Background: The aim of this phase II study was to determine toxicity, response rate, time to progression, and overall survival of cisplatin, etoposide and gemcitabine in patients with carcinoma of unknown primary tumour site.

Patients and methods: Thirty patients with no previous chemotherapy and not belonging to a treatable group were treated with cisplatin 70 mg/m(2) on day 1, etoposide 70 mg/m(2) on days 1 and 2, and gemcitabine 700 mg m(2) on days 1 and 8, administered every 3 weeks. Stable or responding patients received a maximum of eight cycles. Twenty patients (67%) had more than three affected sites, and 25 patients (84%) had adenocarcinomas.

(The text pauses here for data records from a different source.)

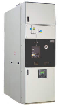
CBGS-2 REN Celda de Secundaria hasta 52 kV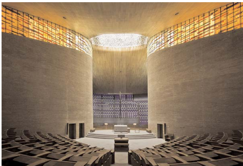
Fig. 01. Miguel Fisac Serna, Iglesia del Teologado de San Pedro Mártir, Alcobendas (Madrid), 1955/60.

«Lograr que un Viacrucis sea algo gozoso, luminoso, no es fácil. Las cajas de luz con las que resuelve el tema hablan de la talla de arquitecto de su autor, capaz de dar el máximo en todas y cada una de las ocasiones que se le presentan: aquí con muy poco y con la idea de desaparecer, de poner en valor lo que se enmarca, como lo hace un buen marco en una buena pintura» 1 .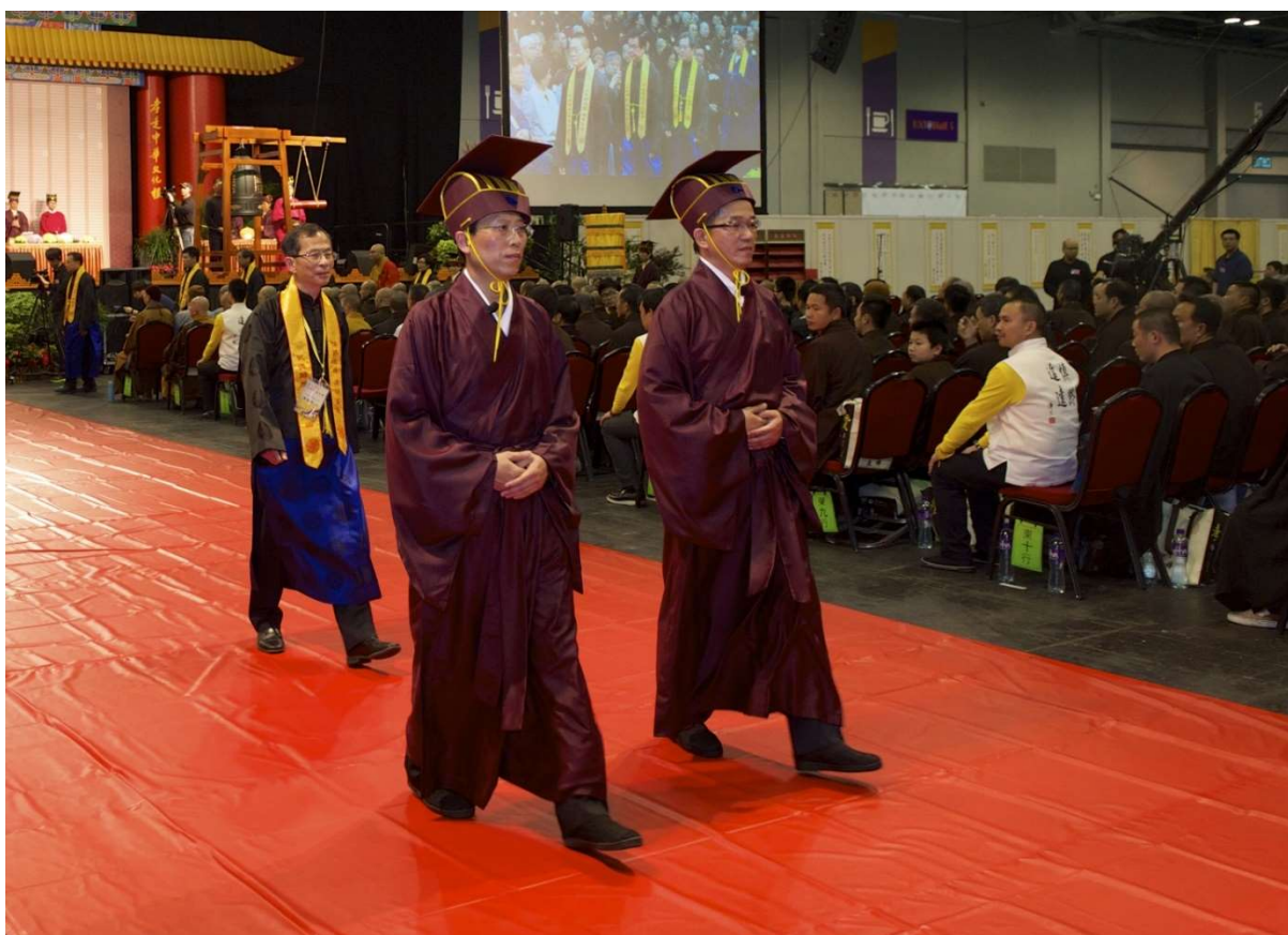
行進時須與主祭官成三角隊形，注意進度要相等，步調要一致。(5.2)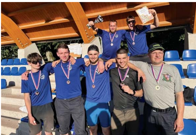
Okresní kolo požárního sportu v Náchodě.

Začaly prázdniny a přišel 6. červenec, datum naší domácí soutěže Vlkovská ulička, letos spojené s oslavami 90. výročí založení SDH Vlkov. Pro nás to byl velmi důležitý a dlouho očekávaný den, kterému předcházela tvrdá práce a poměrná míra nervozity. Od rána bylo hezké počasí, takže soutěž proběhla v klidu a bez úrazů. Proběhl i exhibiční útok s naší válečnou stříkačkou a starou gardou. Vítězem Vlkovské uličky se stalo družstvo SDH VLKOV „A“.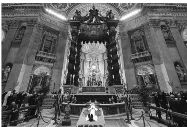
Vaticano, Basilica di San Pietro, 2-4 gennaio 2023. La salma di Benedetto XVI esposta.

Una sorta di «sintesi spirituale» degli scritti di Benedetto XVI: qui brilla la sua capacità di mostrare sempre nuova la profondità della fede cristiana. Ne basta un piccolo florilegio. «Dio è un evento di amore», espressione che da sola rende giustizia con pienezza di una teologia sempre armoniosa tra ragione e affetto. «Che cosa mai potrebbe salvarci se non l’amore?» ha chiesto ai giovani nella veglia di preghiera a Colonia, nel 2005, meditazione qui opportunamente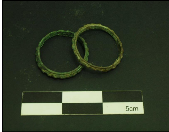
Foto 2. Gelang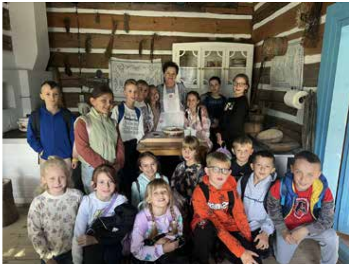
📍 Super wyjazd! Widać po uśmiechniętych minach klasy III. 📍 Uczniowie z klasy III zagłosili także na okładce.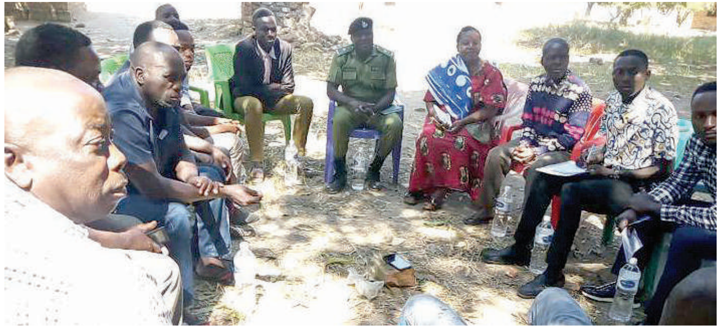
Vijana wakieleza changamoto zao na kupewa elimu ya afya ya uzazi na ukatili wa kijinsia kijijini Mapili, wilaya ya Mlele, Katavi.

Mtindo uliotumika, kila kundi kijinsia na umri lilipewa faragha yake, wakihofu kuwachanganya kungewanyima uhuru, vijana kuwaogopa wazee kueleza yao na wazee wakisita kunena mbele ya vijana wao, vivyo hivyo wake kwa waume katika changamoto za malezi walio nayo kwa ujumla. Kupitia mbinu hizo, wadau wa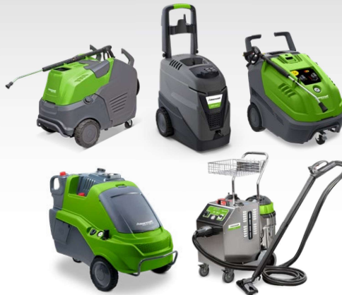
Nettoyeur à vapeur Nettoyeurs haute pression à eau chaude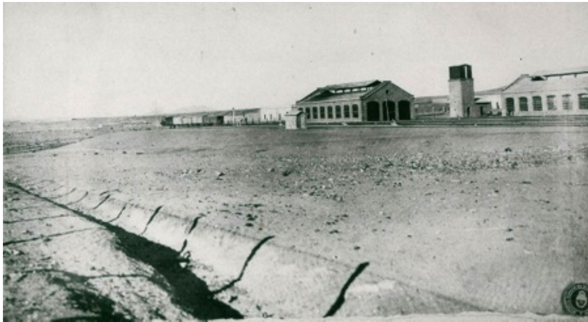
Figura 2. Estación La Quiaca a principios del siglo XX.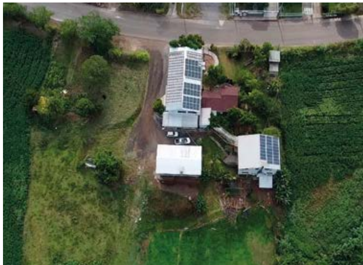
Espaço antes de ser atingido pelas cheias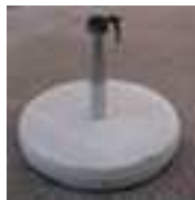
Betonsockel Z; 40,55+70kg, Standrohr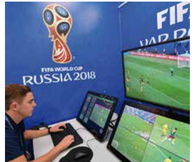
Una sala de videoconferència del video auditor (VAR) al centre de comunicacions del Mundial de Rússia a Moscú durant un partit.

Hi ha tot tipus d'opinions per a un sistema que donarà molt a parlar durant els pròxims anys, on s'haurà de veure si evita noves mans de déu. +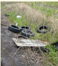
▲河川敷に捨てられたごみ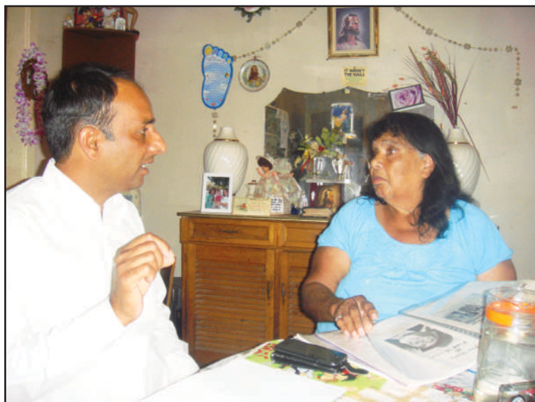
ਆਸਟ੍ਰੇਲੀਆ ਦੀ ਮੂਲ ਆਦਿ-ਵਾਸੀ ਮਹਿਲਾ ਨਾਲ ਇਤਿਹਾਸ ਫੋਲਦਿਆਂ ਲੇਖਕ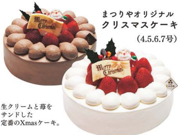
まつりやオリジナル クリスマスケーキ (4.5.6.7号)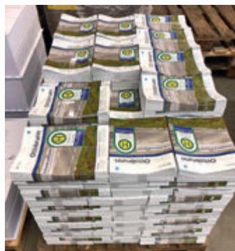
Palette mit 7.000 Exemplaren von Mein Ottobrunn .

Seit Anfang des Jahres wird Mein Ottobrunn in der Druckerei »Eder Druck« in Dachau produziert. Für den neuen Druckpartner mit zwölf Mitarbeitern ist diese Produktion mit einer Auflage von 14.200 Exemplaren einer seiner größeren regelmäßigen Aufträge; die Produktion dauert pro Ausgabe jeweils drei Tage. Neben einem guten Produkt steht für die Druckerei seit ihren Anfängen vor zehn Jahren eine umweltfreundliche Produktion im Vordergrund. Daher hat sich der Wochenanzeiger-Verlag als Herausgeber von Mein Ottobrunn bewusst für diese Druckerei entschieden. »Wir setzen mineralöl- und kobaltfreien Farben ein, und unser Papier stammt aus nachhaltiger Forstwirtschaft«, so Jürgen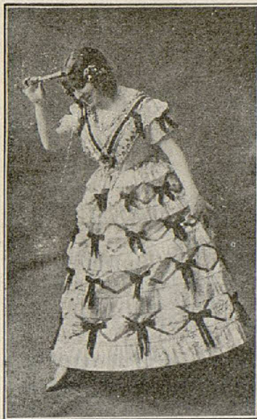
La Goya en «Juan Antón»

partitura de Phi-Phi estaba formada por retazos de otras partituras, cuando precisamente era todo lo contrario.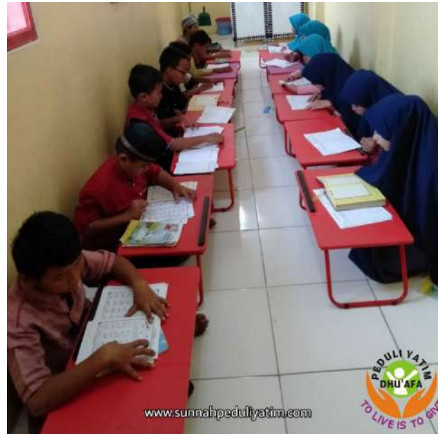
PYD CAB. KOJA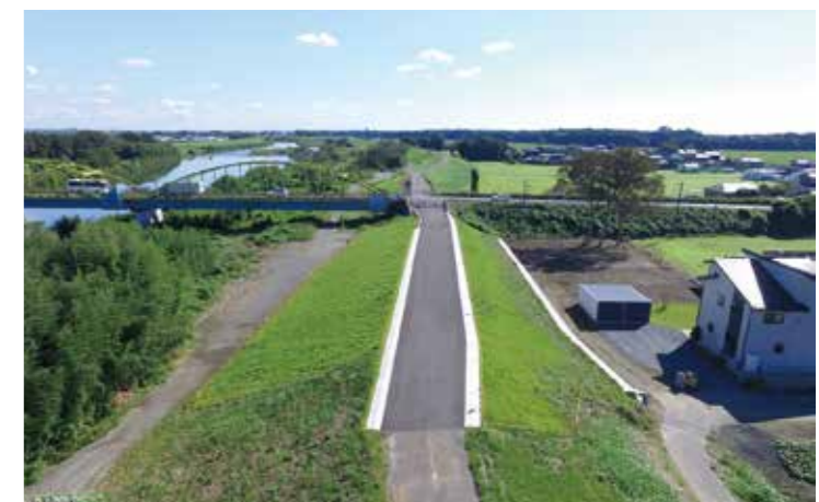
工事名：H29鬼怒川右岸大輪築堤工事 発注者：関東地方整備局 下館河川事務所 完成日：H30.9.21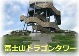
富士山ドラゴントワー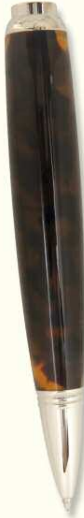
AT 43 B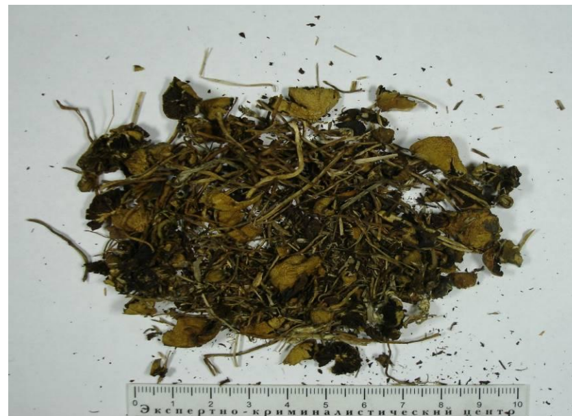
Грибы в засушенном виде

Амфетамин — наркотик, обладающий психостимулирующим, «возбуждающим» действием. К этой группе относятся синтетические вещества, содержащие соединения амфетамина. Встречается в виде таблеток и порошка.

Results: Overall response rate was 36.6% (11 patients), including four complete responses (13.3%) and seven partial responses (23.3%), with a 95% confidence interval of 19.9-56. Median survival was 7.21 months and eight patients remained alive for >1 year. Myelosuppression was the most important toxicity, with grade 3-4 neutropenia in 18 patients (60%) in 32% of the cycles: eight patients had neutropenic fever and 10 patients had thrombopenia in 11% of cycles. No non-haematological grade 4 toxicity occurred.

Conclusions: Cisplatin, etoposide and gemcitabine is an active combination, inducing objective responses in a subset of heavily advanced disease patients with carcinoma of unknown primary site. The role of adding gemcitabine to cisplatin and etoposide remains to be resolved as to the best schedule to diminish toxicity for the three-drug combination.